Обращает на себя внимание то, как обозначены у Геродота пределы страны, занятой перечисленными скифскими племенами, в первую очередь восточный ее рубеж. В этом качестве совершенно однозначно названа река Танаис (Дон). Между тем, мы уже убедились, что ранние события скифской истории связаны с гораздо более восточными территориями Предкавказья: об этом недвусмысленно сообщает Диодор, и его данные хорошо согласуются с археологическими материалами раннескифской эпохи. Но эти же материалы свидетельствуют, что если на стадии распространения скифской культуры по разным областям Восточной Европы (в период переднеазиатских походов и сразу после их завершения) она предстает как достаточно единообразная, то после окончания этого процесса, приблизительно во второй половине VI в. до н. э., происходит некоторое культурное обособление отдельных частей этого региона. Связано это, скорее всего, с формированием той этнической карты, которую наблюдал в V в. Геродот и которая нашла отражение в его описании. Этнополитические границы Скифии своего времени историк, судя по всему, очертил довольно верно, и в это образование уже не входили области Донского левобережья и Предкавказья [Погребова, Раевский 1992, 62]. Поэтому о населении названных областей, так же как и земель, лежащих к северу от области расселения скифов, речь пойдет в дальнейшем, при рассмотрении этнической истории соседей Скифии. Строго говоря, этническая история Скифии эпохи Геродота уже не относится к истории народов России, поскольку ее территория целиком входит в границы современной Украины. Однако это один из тех отмеченных во введении случаев, когда характер материала не позволяет замыкаться в пределах современной России.

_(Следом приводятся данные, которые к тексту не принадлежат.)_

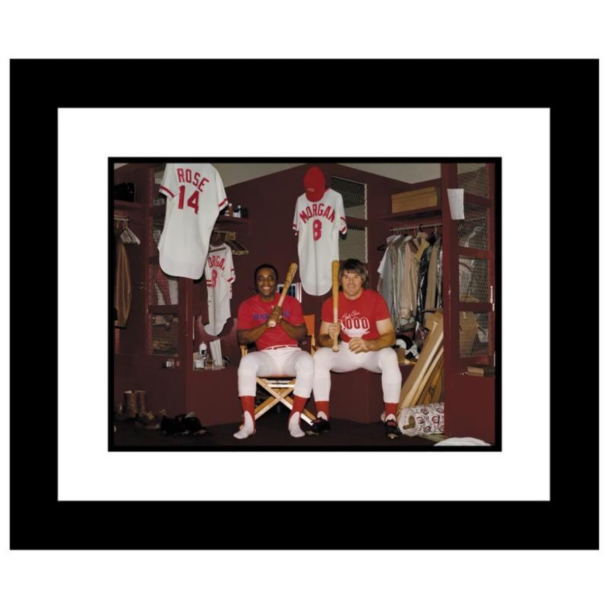 "Pete Rose & Morgan in Clubhouse" is an archival photograph that is autographed by Pete Rose and Joe Morgan! This piece comes framed. Includes Certificate of Authenticity. Measures approx. 26" x 22" (frame), 20" x 16" (image).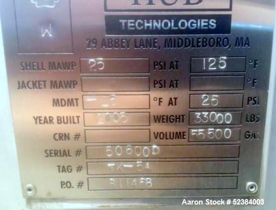 55500 gallon, HUB Technologies, Horizontal Pressure Tank, 316L Stainless Steel, dished top & bottom, saddles, 13' diameter x 68' straight side, 2005 Year: 2005 Gallons/Liters: 55500.0 Stock # 52384003 Request a Quote 9 For Sale by Aaron Equipment Co Surplus Record Dealer Since 2024 Contact Seller Schaumburg, IL Ken Matuszak 708-41...> Show Seller's Phone Number 708-412-6077 Let the seller know you found their listing on Surplus Record! View More Aaron Equipment Co 's ListingsDescription used- hub technologies 55,500 gallon horizontal pressure tank. 316l stainless steel, dished heads, tank on (2) saddles, end swing arm manway cover. approximately 68' long x 14' tall x 13' wide. shell rated 25/-0.75 psi at 125 degrees f. 33,000 empty weight. Request More Information from SellerGet Your Price from Aaron Equipment Co! "*" indicates required fieldsName*Company*Email* PhoneZip / Postal Code*QuestionMake an OfferRequests Send me a shipping quote I am interested in financingSend Copy Email me a confirmation of this inquiryBuyer Protection Use our partner Escrow.com to buy or sell equipment safelyBuyer Protection Send me info about buyer protectionThis field is hidden when viewing the formDealer Email Buyers Who Viewed This Listing Also Viewed … 55500 gallon, HUB Technologies, Horizontal Pressure Tank, 316L Stainless Steel, dished top & bottom, saddles, 13' diameter x 68' straight side, 2005Category: Stainless Steel Tanks and VesselsSeller: Aaron Equipment CoLocation: Schaumburg, ILYear: 2005used- horizontal 55,500 gallon pressure tank, manufactured by hub technologies. 316l stainless steel, dished heads, tank on (2) saddles, end swing arm manway cover. approximately 68' long x 14' tall x 13' wide. shell rated 25/-0.75 psi at 125 degrees f. 33,000 empty weight.JUST ADDED! 31372 gallon, M Roth GmbH, Storage Tank, 304 Stainless Steel, 153.5" ID x 334" straight side, dish top, cone bottom, 2014 (8 available)Category: Stainless Steel Tanks and VesselsSeller: Federal Equipment CompanyLocation: Cleveland, OHUsed 118,745 liter (31,372 gallon) M Roth GmbH storage tank, 304 stainless steel construction, approximately 3,900mm (153.54") inner diameter x 8,500mm (334") straight side, dish top, 55 degree cone bottom, approximately 2,400mm (94.48") deep, rated 0.9 bar at 40°C internal, jacketed cone and 196" of straight side ...more 74500 gallon T. Bailey, 316L Stainless Steel tank, 58' tall, 16' diameter, 2018Category: Stainless Steel Tanks and VesselsSeller: Global Equipment InternationalLocation: Chalfont, PA Mfr: T BaileyYear: 2018Manufacturer T BAILEY Model TANK Condition Used Stock Number 904301.040. 30000 gallon Palmer #2-TK-2015, water recovery surge tank, 12' diameter, 35' straight side, SA-36, 1/16" corrosion allow, 2007Category: Stainless Steel Tanks and VesselsSeller: C3 Surplus LLCLocation: Miami, FL Mfr: PalmerYear: 2007Overview, This used 30,000 Gallon Water Recovery Surge Tank manufactured by Palmer MFG & Tank Inc. is designed for industrial water recovery and surge capacity applications. Built in 2007, this atmospheric pressure tank provides substantial storage capacity for water/acid recovery systems with corrosion-resistant ...more Alloy Products Corp., Pressure Vessel, 100 psi,. 250 FCategory: Stainless Steel Tanks and VesselsSeller: EcReCon Inc.Location: Pedericktown, NJ Mfr: Alloy ProductsYear: 1990, Alloy Product Corp. 100 PSI Max W.P. 250 F. Min. Temp. -20 F. 100 PSI. Serial# 84906-225. Pressure Vessel., 1990 ALLOY PRODUCTS CORP., Gallons. 0 gal, PSIG. 100, ID - Inches. 0 in, Temp (F). 250, Material. T-316, Vert/Horiz. V.Share × "*" indicates required fieldsYour Name*Your Email* Recipient's Email* Note to Recipient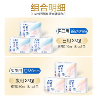 abc轻透薄0.1cm姨妈巾女日用组合3包夜用卫生巾 3件 69元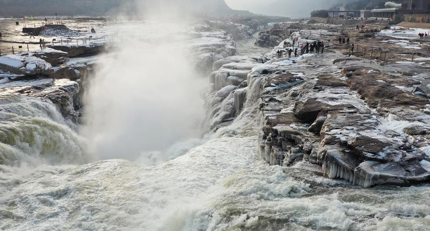 隆冬時(shí)節(jié),位于晉陜交界的黃河壺口瀑布飛濺的浪花在瀑布兩岸巖石上凝結(jié)形成冰瀑冰雕,成為冬季壺口瀑布景區(qū)一道奇特的景觀,吸引游人前往觀賞。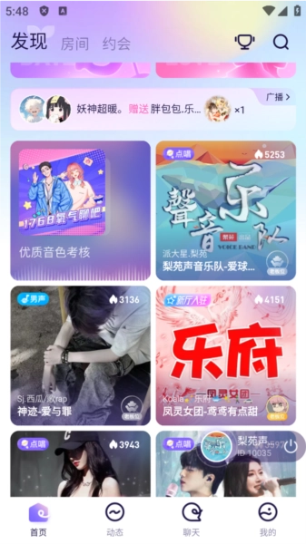 • 语音派对房:支持12人同时在线,提供K歌/Pia戏/桌游三种场景模板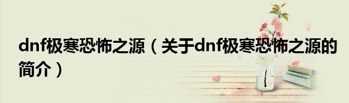 本文關于dnf極寒恐怖之源的簡介就講解完畢,希望對大家有所幫助。

Остановимся также на том, какие названия даны в описании Геродота разным скифским племенам. Это по преимуществу — названия-определения, указывающие на хозяйственный уклад данного племени (скифы-земледельцы, скифы-пахари, скифы-кочевники) или на его социальные позиции в структуре скифского общества (скифы царские). По существу это вообще не этнонимы, а определения-характеристики, так же как термин эллино-скифы, свидетельствующий то ли о смешанном характере этого племени, то ли, скорее, — о высокой степени его эллинизации. В геродотовом списке скифских племен как самоназвания могут в лучшем случае рассматриваться лишь термины каллипиды и алазоны. Да и то морфология первого из них (наличие в нем греческого патронимического суффикса -ид-) позволяет предполагать вполне вероятной его греческую обработку.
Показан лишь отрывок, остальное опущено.